Indian model and beauty pageant contestant

Srishti Rana is an Indian model and beauty pageant titleholder. She participated in Miss Diva - Miss Universe India 2013 and won the title of Miss India Asia Pacific 2013. She went on to represent India at Miss Asia Pacific World 2013 in October 2013, which took place in Seoul, Korea. She emerged as the winner of the Miss Asia Pacific World title, beating 51 other contestants from different countries. The title is similar to the coveted Miss Asia Pacific International title won by Dia Mirza in 2000.

She was also a contestant of Femina Miss India 2013 and finished in Top 5. She was featured in the Times of Indias list of 50 most desirable women for the years 2014 and 2015.

She has walked for several designers as a show stopper and as a closing model.
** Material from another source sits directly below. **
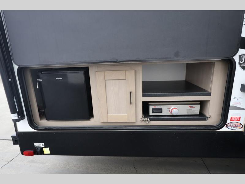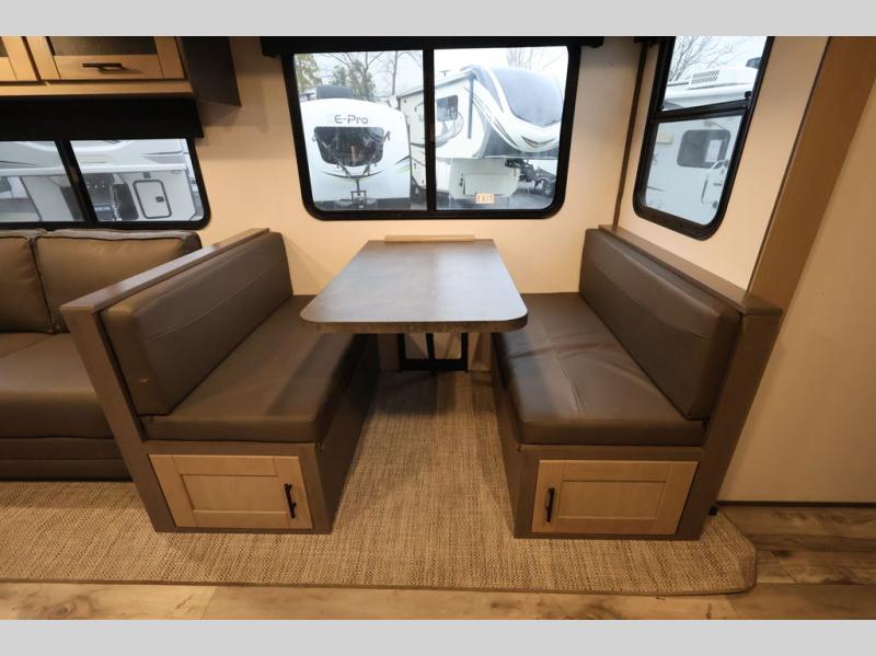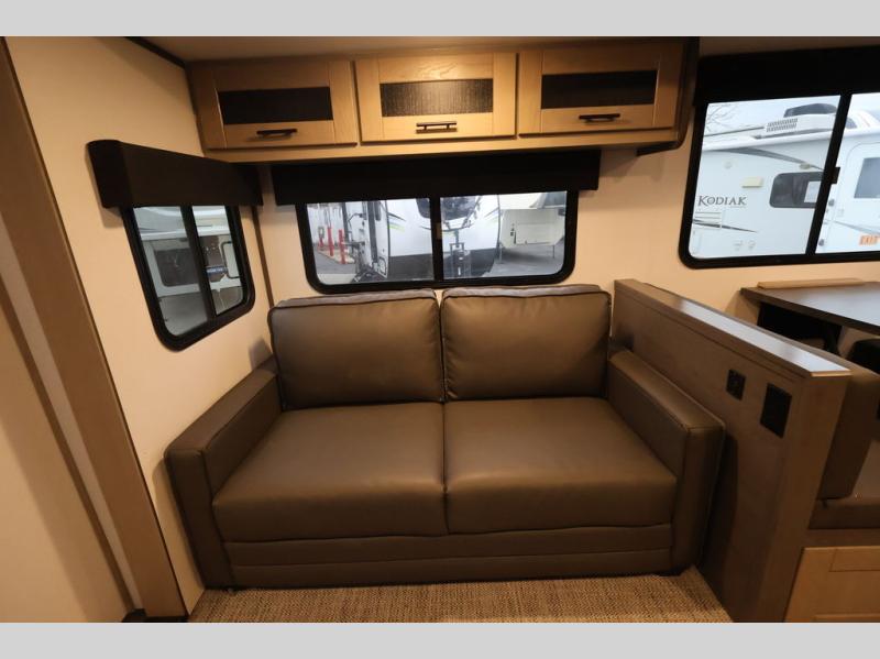 The Heartland Sundance Ultra Lite travel trailers and toy haulers are exceptionally beneficial for a family who is just starting out in the RV lifestyle. Each unit is constructed with an enclosed underbelly, a painted fiberglass front cap with LED lights, a walkable aluminum trussed barrel roof, and a rack and pinion power slide out. You'll have a spare tire and carrier for life's unfortunate mishaps and one unique key for all of your locks with the Keyed Alike system. The interior offers you woven flooring and residential-style furniture for a long-lasting traveling companion. You can use the outside spray port with hose and sprayer for cleaning or hosing down the campsite.

She has walked for designers including Manish Malhotra, Anju Modi, Varun Bahl, Gaurav Gupta, Rohit Bal, Shehla Khan, Shantanu and Nikhil, Rocky S, Saisha Shinde, Mandira Wirk, and Neeta Lulla.

==Early life and education==
Rana was born to Anand Rana and Suman Rana. Her father is an advocate and mother a homemaker. She did her schooling from Modern Vidya Niketan schools in Faridabad, and is a major in English Honors from University of Delhi. She also attended Manav Rachna International University where she did a Journalism and Mass Communication course, followed by a postgraduate degree in Mass Communication and Journalism from Asian Academy of Film & Television.
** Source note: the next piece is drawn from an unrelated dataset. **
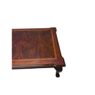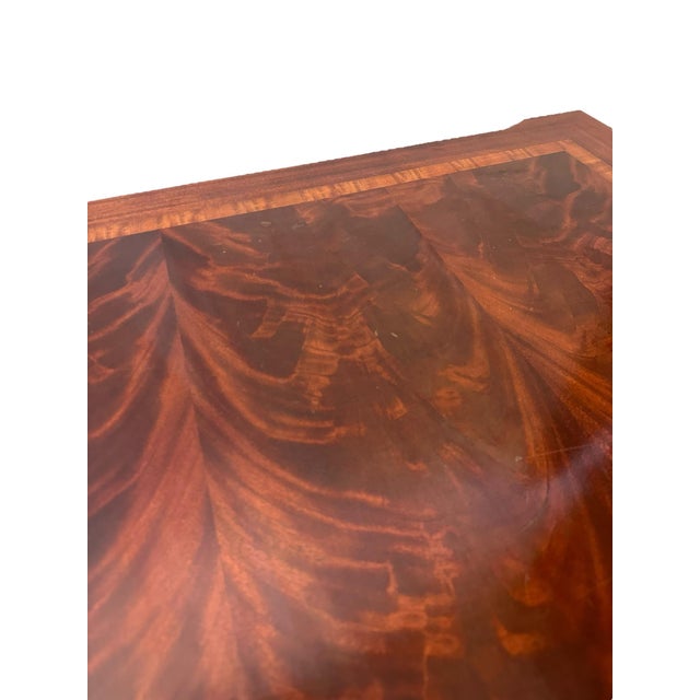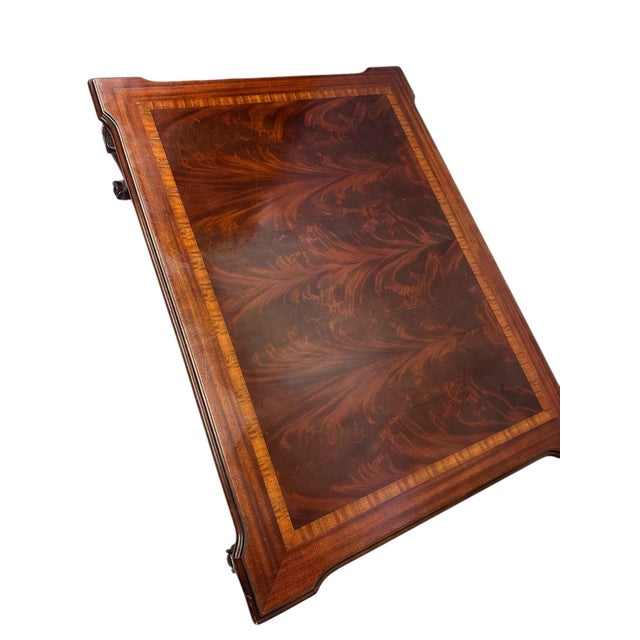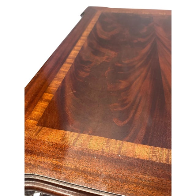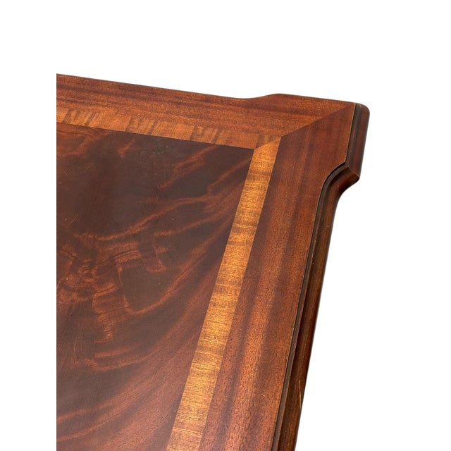 A stunning statement piece, this Chippendale-style cocktail table attributed to Thomasville showcases the timeless beauty of flame mahogany. The rectangular tabletop boasts a dramatic bookmatched flame mahogany veneer, elegantly framed with a contrasting satinwood inlay for added depth and dimension. The beveled edges and sculptural corners add refinement to its classic silhouette.

==Awards and recognition==
===Miss Asia Pacific World 2013===
Rana was sent as the Indian delegate in Miss Asia Pacific World pageant and later won the title of Miss Asia Pacific World 2013.

===Miss India Universe 2013===
She participated in Femina Miss India Universe (Miss Diva - 2013) and was crowned Miss India Asia Pacific World 2013.
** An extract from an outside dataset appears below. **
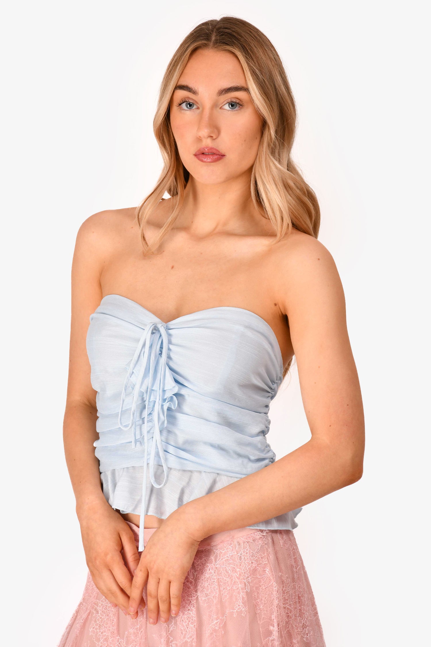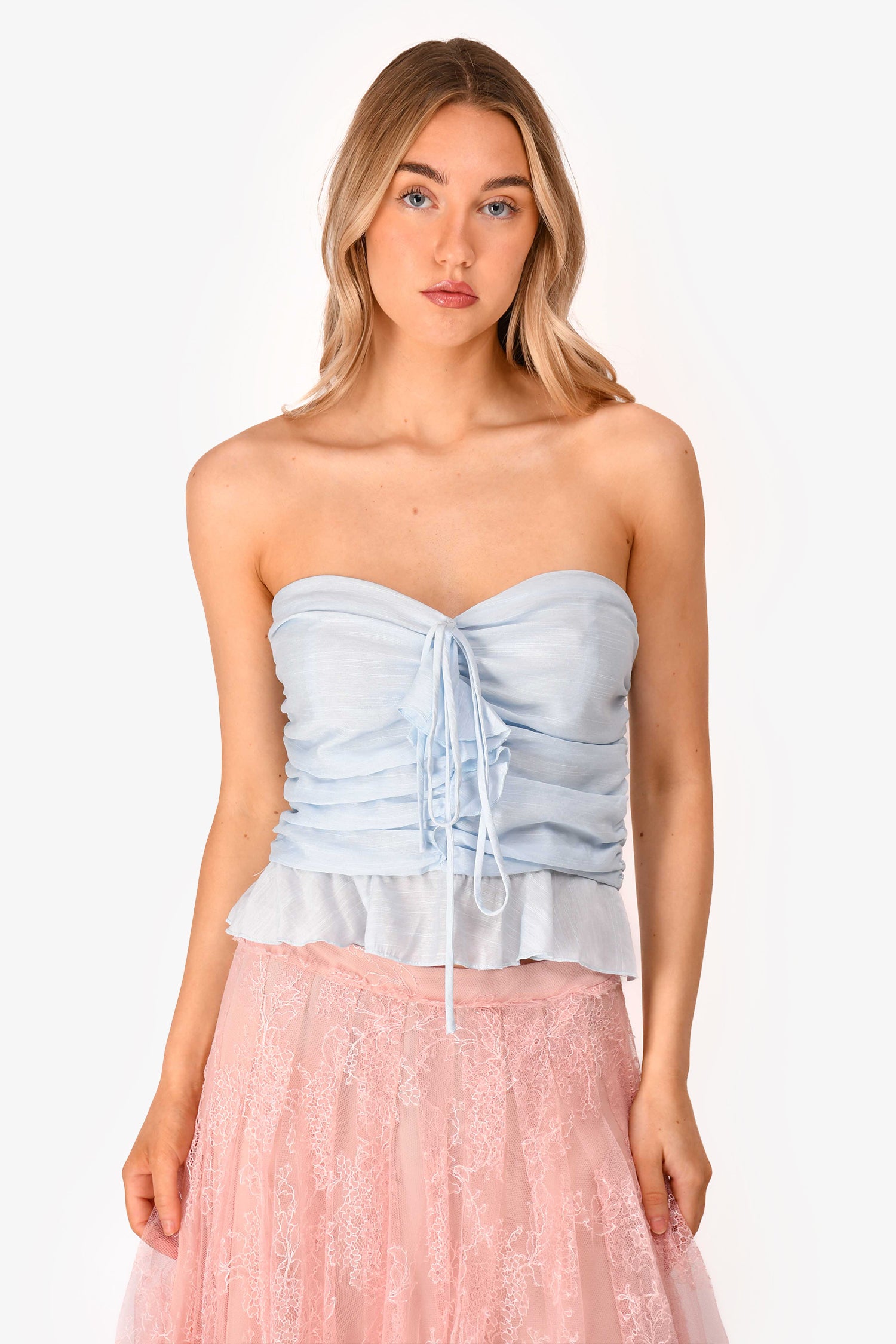 Refresh availabilityTularosa Blue Ruffled Strapless 'Shiloh' Top. Rear zip closure. Front tie-up detail. Ruffled hemline. Silver-toned hardware. Tonal stitching.

===Miss Diva Delhi 2013===
Rana was the winner of Miss Diva Delhi 2013.

===Femina Miss India 2013===
She was the 3rd runner-up of Femina Miss India on 24 March 2013, and was also awarded the title of Femina Miss Fashion Icon.

===Femina Miss India Delhi 2013===
She was one of the three title holders of Pond's Femina Miss India Delhi 2013.